▶ **DIRECTIONS FOR THIS TASK**: The expected answer is the data below, printed verbatim without its pictures.

(Extracted data entries)
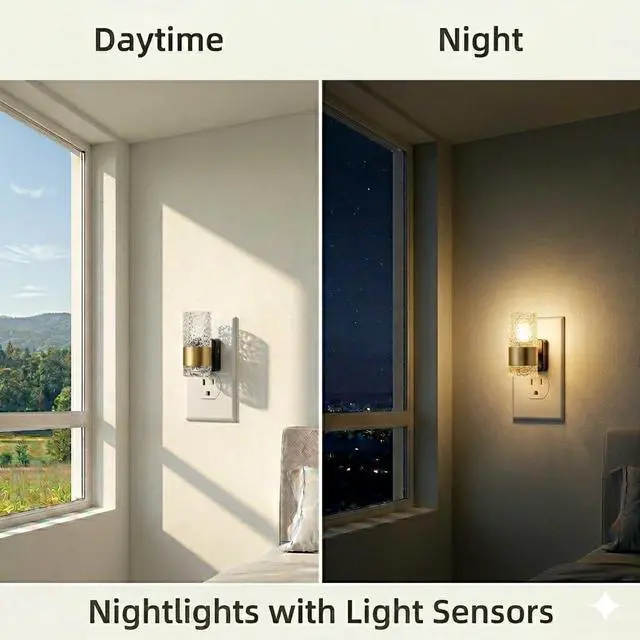 Light sensor night light Equipped with an high-sensitive light sensor, this plug in night light turns on in low-light conditions and off when its bright. This automatic feature ensures convenient, hands-free operation and energy efficiency, providing illumination exactly when needed.
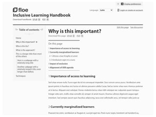 The document discusses making open educational resources (OERs) more flexible and inclusive. It argues that most current OERs focus on polished delivery rather than learner engagement, use inflexible formats, and do not support peer learning or translation. The document proposes a model called "one size fits one" that customizes content to individual learner needs and preferences through teaching inclusive design, transforming content, and augmenting OERs with tools for contributions and choosing customized versions.
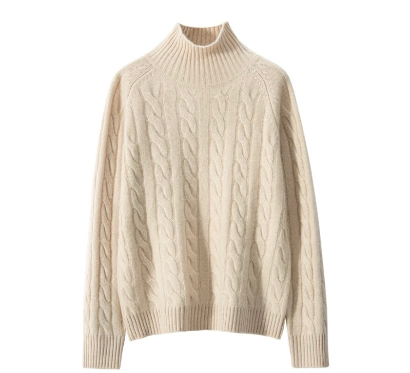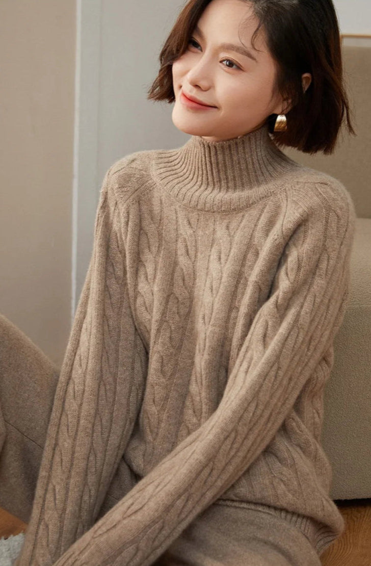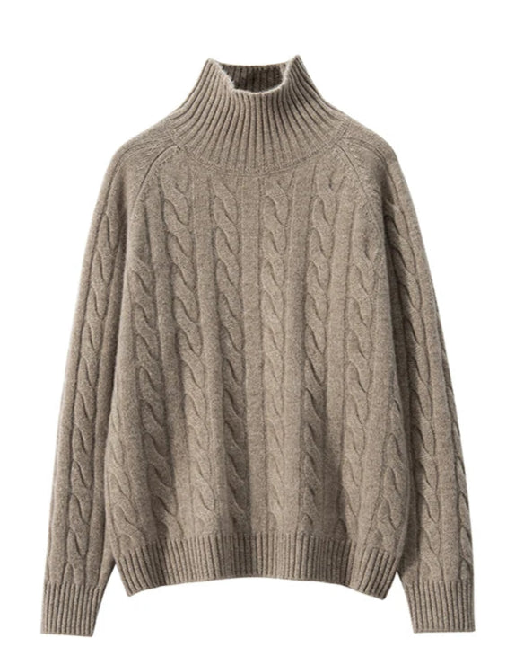 Elevate your style with our luxurious cable-knit cashmere sweater, designed for the sophisticated woman. Crafted from 100% pure cashmere, its intricate cable-knit design adds texture and charm, offering unmatched comfort and timeless refinement.
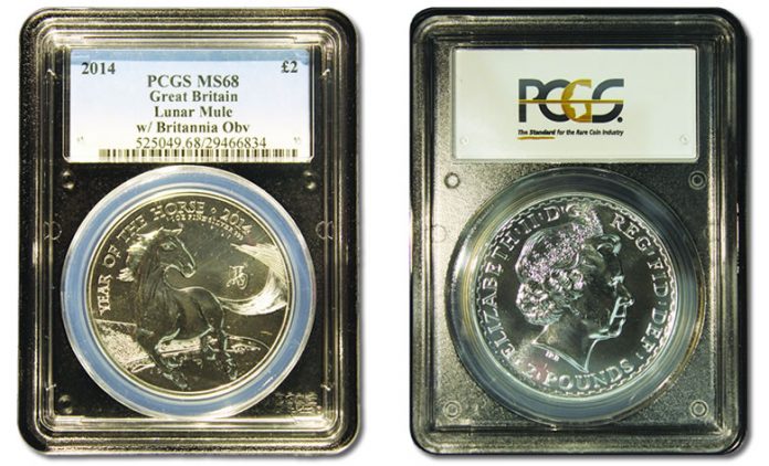 Varieties of bullion 2014 £2 Britannia and 2014 £2 Lunar Year of the Horse mule error coins have been authenticated, graded and certified by the Paris Submission Center of Professional Coin Grading Service (www.pcgseurope.com).
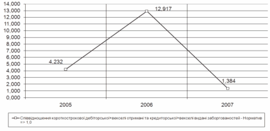 3) структурна частка кредиторської заборгованості в валюті балансу з рівня 8,2% у 2005 році зросла до рівня 22,4% у 2007 році, що свідчить про розширення використання підприємством комерційного кредиту постачальників, ;
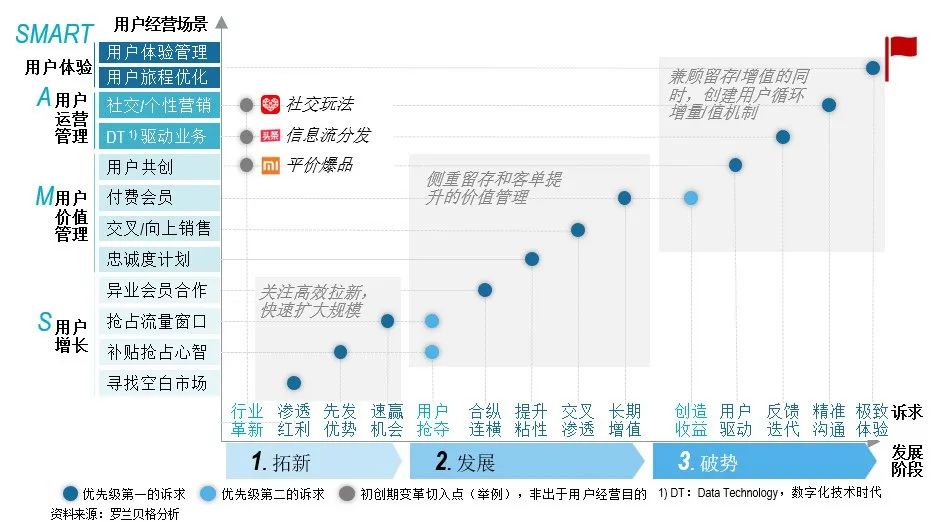> 破势期企业:这一阶段企业已经占据行业一定的地位或市场份额,如何实现进一步的突破,将需要更进一步回归到用户为本的理念模式,通过持续用户运营和用户价值管理,来探寻企业增长突破点。
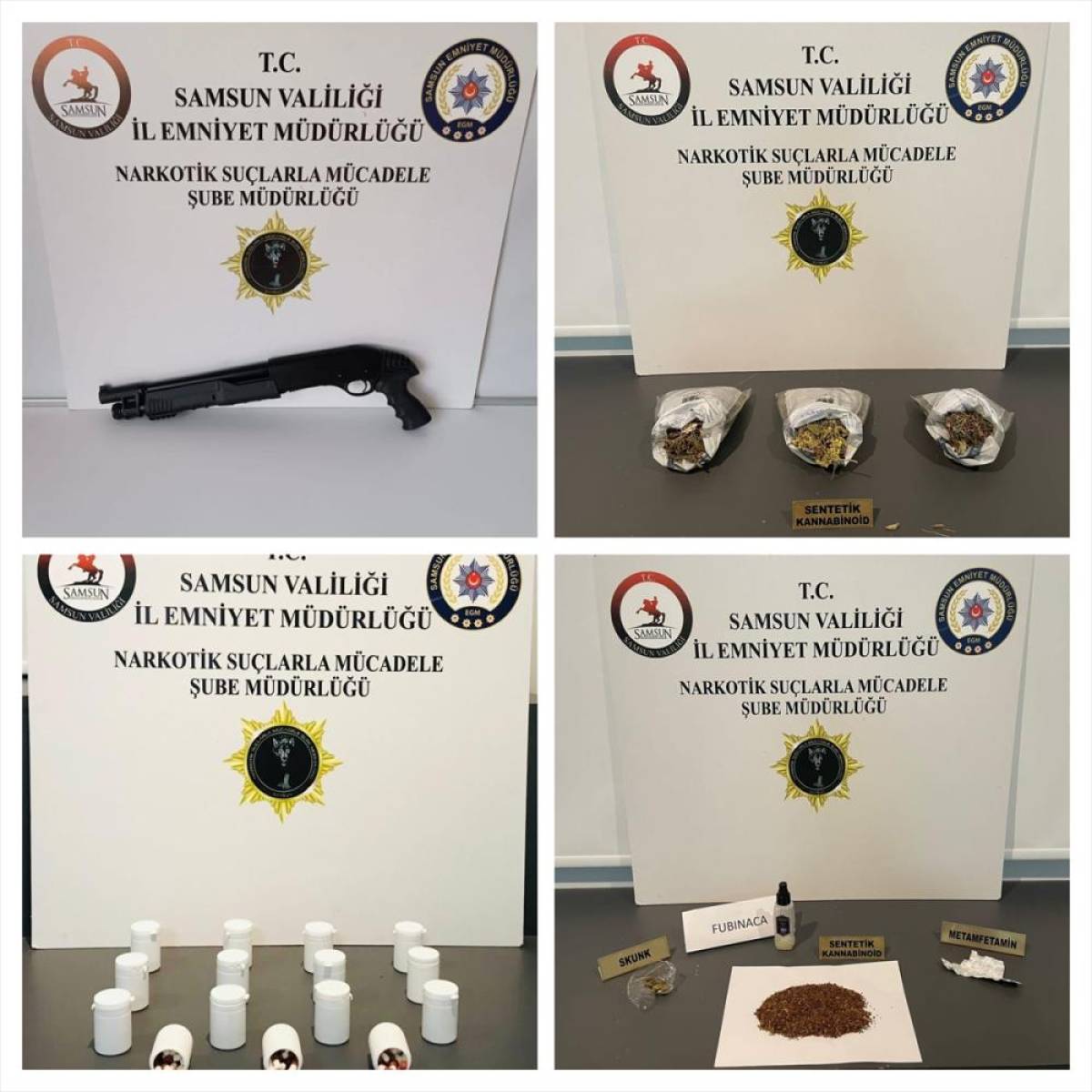 Belirlenen adreslerde yapılan aramada 938 sentetik ecza hapı, 286,64 gram sentetik uyuşturucu ile pompalı tüfek ele geçirildi.
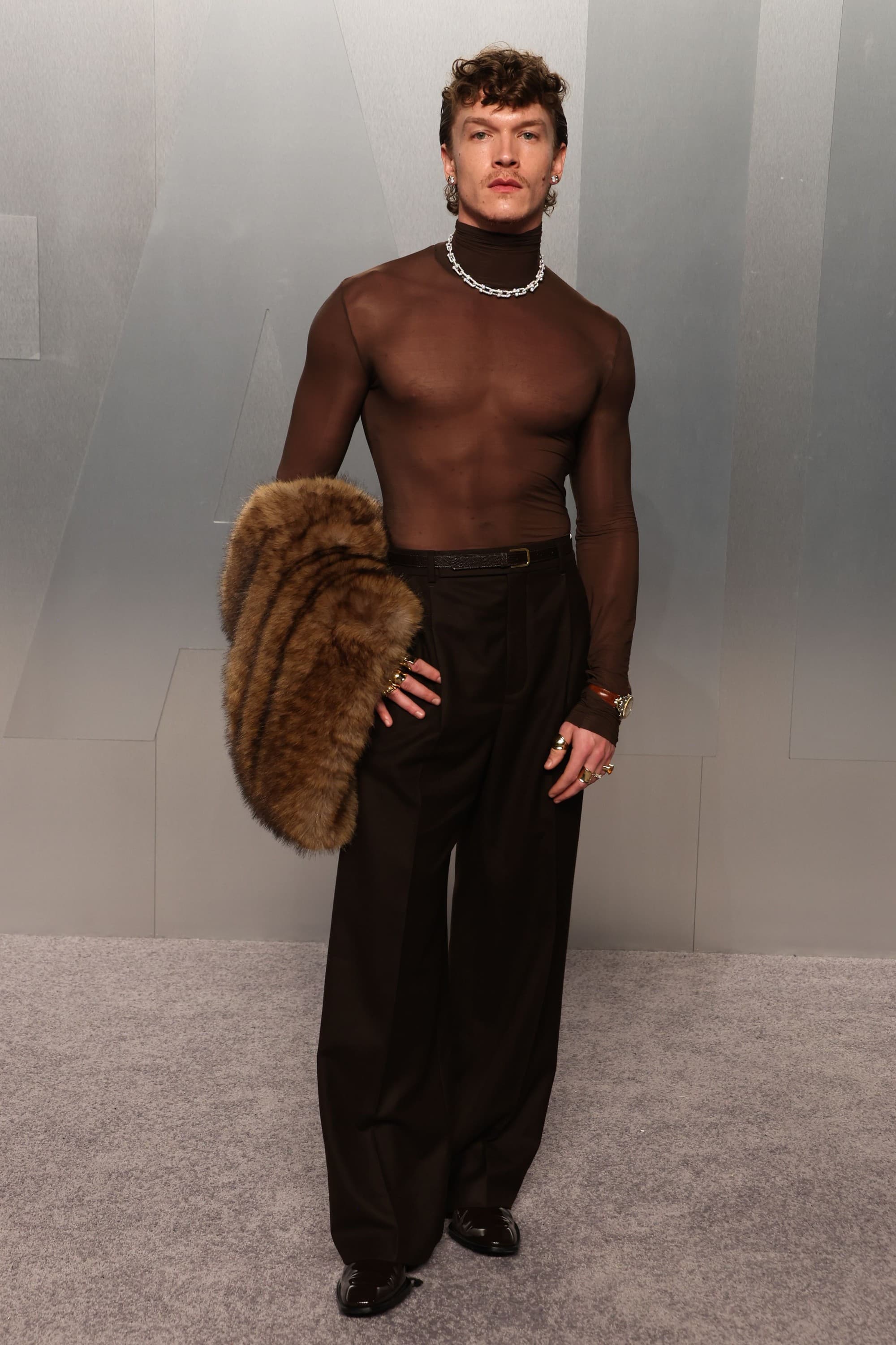 ShutterstockHeated Rivalry star Connor Storrie arrived in a sheer turtleneck look by Saint Laurent. Who said the boys can't have fun too?
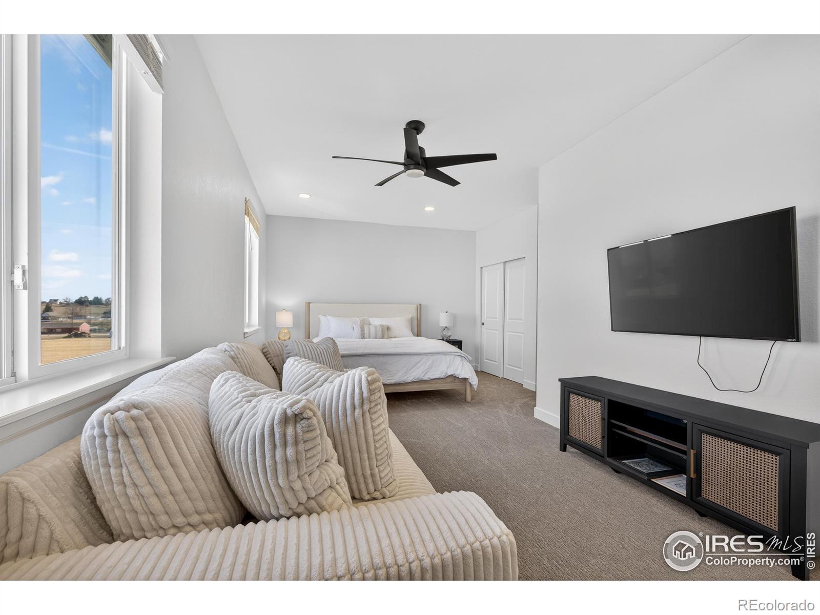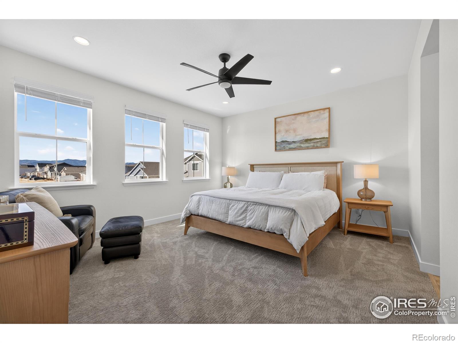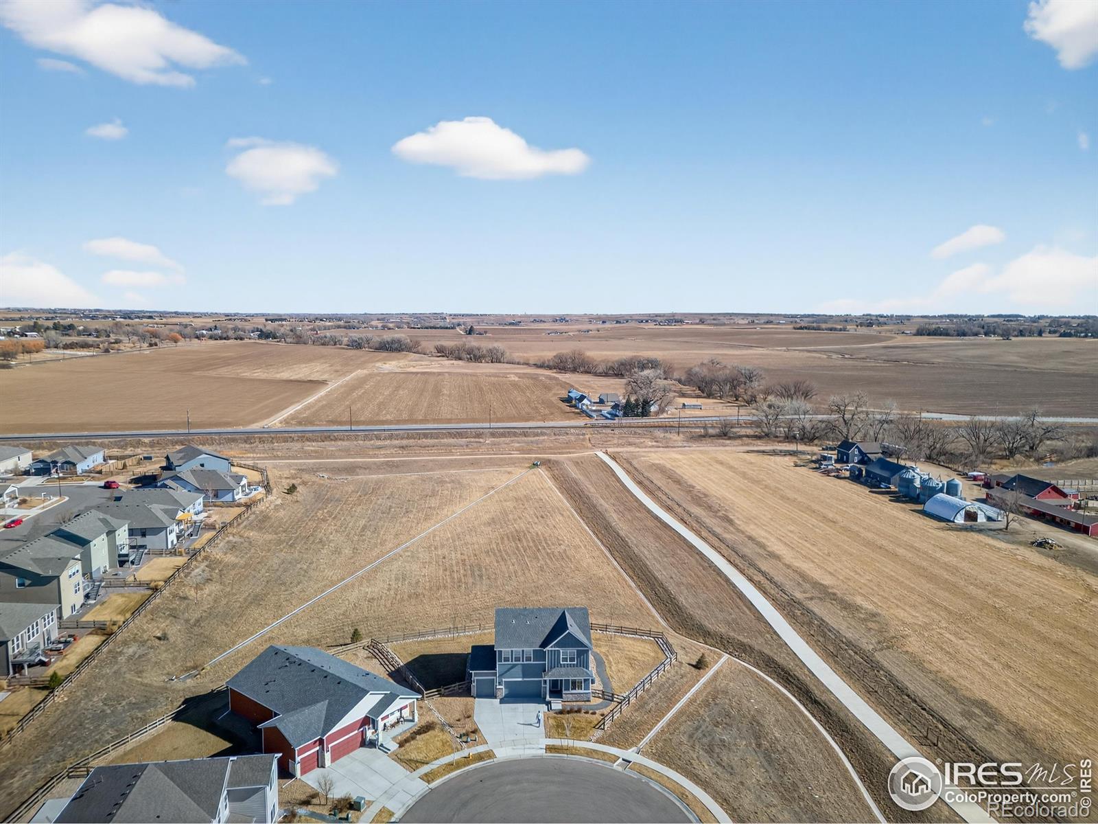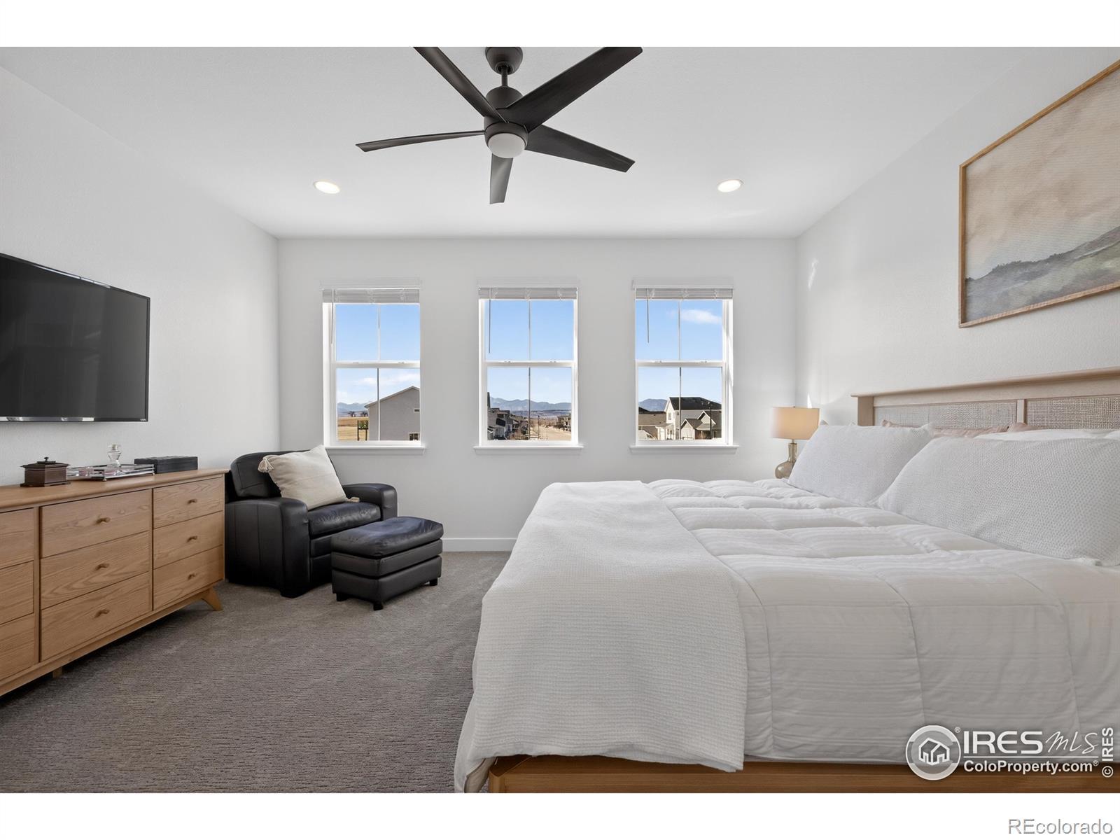 Nestled at the end of a serene cul-de-sac in sought-after Heritage Ridge, this better than new 2-story home offers the perfect blend of privacy, luxury, and convenience. Boasting arguably the best lot in the neighborhood, this is a private retreat with breathtaking views of open space and farmland, and only one adjacent neighbor. The home feels like a builder's model home! Set on an expansive 11,000 sqft lot, the 2,482 sqft home has been thoughtfully designed with modern style. The main floor features a bright, dedicated office with french doors-perfect for remote work, complete with inspiring south facing views. The living room, with its inviting fireplace and 9-ft ceilings, balances spaciousness with warmth, while the kitchen dazzles with white shaker cabinets, stainless steel appliances, gas range, pantry, and space for cooking and entertaining. Upstairs, the versatile loft offers a second living space, play area, or media room, while the conveniently located laundry room adds to everyday ease. The luxurious primary suite includes a large walk-in closet and en suite bath. Two additional bedrooms offer ample space for family or guests. The formal guest bedroom is enormous and feels like a small apartment. Step outside to the new composite deck to enjoy pleasant evenings unwinding. The oversized, gently sloped yard is fully fenced and complete with a dog run with artificial turf for low-maintenance. In Heritage Ridge residents enjoy access to the community pool, walking trails and sidewalks just outside your door, and close access to Berthoud's amenities, businesses, and schools. This home is a rare find, offering modern style, breathtaking colorado views, and a close connection to the best of Berthoud. Don't miss your chance to own this extraordinary property!

▶ **TASK RESPONSE**:
 Light sensor night light Equipped with an high-sensitive light sensor, this plug in night light turns on in low-light conditions and off when its bright. This automatic feature ensures convenient, hands-free operation and energy efficiency, providing illumination exactly when needed.
 The document discusses making open educational resources (OERs) more flexible and inclusive. It argues that most current OERs focus on polished delivery rather than learner engagement, use inflexible formats, and do not support peer learning or translation. The document proposes a model called "one size fits one" that customizes content to individual learner needs and preferences through teaching inclusive design, transforming content, and augmenting OERs with tools for contributions and choosing customized versions.
 Elevate your style with our luxurious cable-knit cashmere sweater, designed for the sophisticated woman. Crafted from 100% pure cashmere, its intricate cable-knit design adds texture and charm, offering unmatched comfort and timeless refinement.
 Varieties of bullion 2014 £2 Britannia and 2014 £2 Lunar Year of the Horse mule error coins have been authenticated, graded and certified by the Paris Submission Center of Professional Coin Grading Service (www.pcgseurope.com).
 3) структурна частка кредиторської заборгованості в валюті балансу з рівня 8,2% у 2005 році зросла до рівня 22,4% у 2007 році, що свідчить про розширення використання підприємством комерційного кредиту постачальників, ;
> 破势期企业:这一阶段企业已经占据行业一定的地位或市场份额,如何实现进一步的突破,将需要更进一步回归到用户为本的理念模式,通过持续用户运营和用户价值管理,来探寻企业增长突破点。
 Belirlenen adreslerde yapılan aramada 938 sentetik ecza hapı, 286,64 gram sentetik uyuşturucu ile pompalı tüfek ele geçirildi.
 ShutterstockHeated Rivalry star Connor Storrie arrived in a sheer turtleneck look by Saint Laurent. Who said the boys can't have fun too?
 Nestled at the end of a serene cul-de-sac in sought-after Heritage Ridge, this better than new 2-story home offers the perfect blend of privacy, luxury, and convenience. Boasting arguably the best lot in the neighborhood, this is a private retreat with breathtaking views of open space and farmland, and only one adjacent neighbor. The home feels like a builder's model home! Set on an expansive 11,000 sqft lot, the 2,482 sqft home has been thoughtfully designed with modern style. The main floor features a bright, dedicated office with french doors-perfect for remote work, complete with inspiring south facing views. The living room, with its inviting fireplace and 9-ft ceilings, balances spaciousness with warmth, while the kitchen dazzles with white shaker cabinets, stainless steel appliances, gas range, pantry, and space for cooking and entertaining. Upstairs, the versatile loft offers a second living space, play area, or media room, while the conveniently located laundry room adds to everyday ease. The luxurious primary suite includes a large walk-in closet and en suite bath. Two additional bedrooms offer ample space for family or guests. The formal guest bedroom is enormous and feels like a small apartment. Step outside to the new composite deck to enjoy pleasant evenings unwinding. The oversized, gently sloped yard is fully fenced and complete with a dog run with artificial turf for low-maintenance. In Heritage Ridge residents enjoy access to the community pool, walking trails and sidewalks just outside your door, and close access to Berthoud's amenities, businesses, and schools. This home is a rare find, offering modern style, breathtaking colorado views, and a close connection to the best of Berthoud. Don't miss your chance to own this extraordinary property!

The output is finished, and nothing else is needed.